Astronomy provides the most obvious proof of an old universe: Astronomers have discovered a universe billions of light-years across, full of galaxies and galaxy clusters, and even larger structures. If the universe were only 6000 years old, we would not see anything farther than 6000 light-years away -- a small section of our galaxy and an infinitessimal point of the universe.
Humphreys attempts to use general relativity to explain how the earth could be only six thousand years old, at the same time that the rest of the universe is old enough for its light to reach us. According to general relativity, the deeper you are in a gravity well, the slower time goes. Humphreys theory is that God created the universe as a white hole.
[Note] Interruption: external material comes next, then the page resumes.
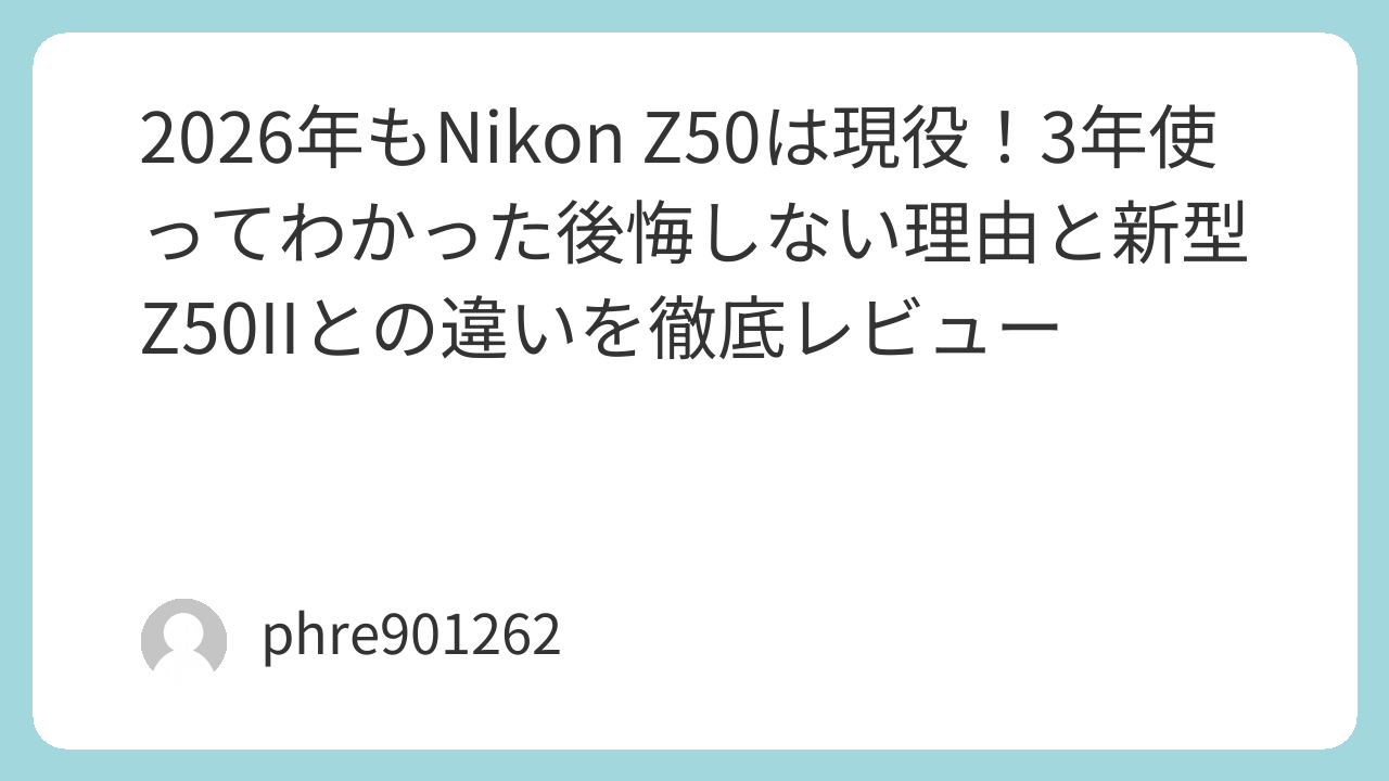 後継機である[amazon_link product=”Nikon Z50II”]が登場した今だからこそ、あえて初代機を選ぶ価値はどこにあるのか。実際に数万枚のシャッターを切ってきたユーザーの視点で、その「正体」を紐解きます。

During the fourth day of creation, the white hole was next to (or inside) the earth, so only one day passed by on earth while thousands to billions of years passed by in the rest of the universe.
Unfortunately, Humphreys uses the white hole in his theory only to slow down time on the earth, and does not consider *any* other physical consequenses of a white hole adjacent or inside the earth. What would be the gravitational effect on the earth, other planets, the sun, other stars, our galaxy, nearby galaxies, distant galaxies? Humphreys wrote on page 9 that our galaxy is "a very typical galaxy." Would a typical galaxy have an object many orders of magnitde more massive than the rest of the galaxy, near the edge?
A white hole shrinks by spewing matter out.